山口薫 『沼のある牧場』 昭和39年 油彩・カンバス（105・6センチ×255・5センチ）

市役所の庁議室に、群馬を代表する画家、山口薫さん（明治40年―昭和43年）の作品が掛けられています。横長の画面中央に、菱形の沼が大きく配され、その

---*---

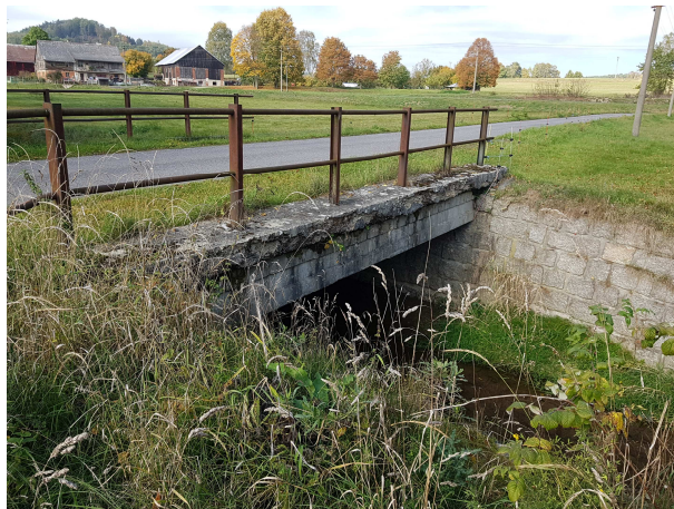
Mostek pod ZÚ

---*---

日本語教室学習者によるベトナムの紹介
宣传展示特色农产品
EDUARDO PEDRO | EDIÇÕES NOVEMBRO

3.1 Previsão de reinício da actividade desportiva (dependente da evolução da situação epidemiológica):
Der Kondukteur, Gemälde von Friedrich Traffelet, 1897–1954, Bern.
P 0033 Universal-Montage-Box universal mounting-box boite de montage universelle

---*---

WORK REQUEST:
Start with the line above that contains "日本語教室学習者によるベトナムの紹介" and stop after the line that contains "P 0033 Universal-Montage-Box". Output those lines exactly, and only those.

TASK RESPONSE:
日本語教室学習者によるベトナムの紹介
宣传展示特色农产品
EDUARDO PEDRO | EDIÇÕES NOVEMBRO

3.1 Previsão de reinício da actividade desportiva (dependente da evolução da situação epidemiológica):
Der Kondukteur, Gemälde von Friedrich Traffelet, 1897–1954, Bern.
P 0033 Universal-Montage-Box universal mounting-box boite de montage universelle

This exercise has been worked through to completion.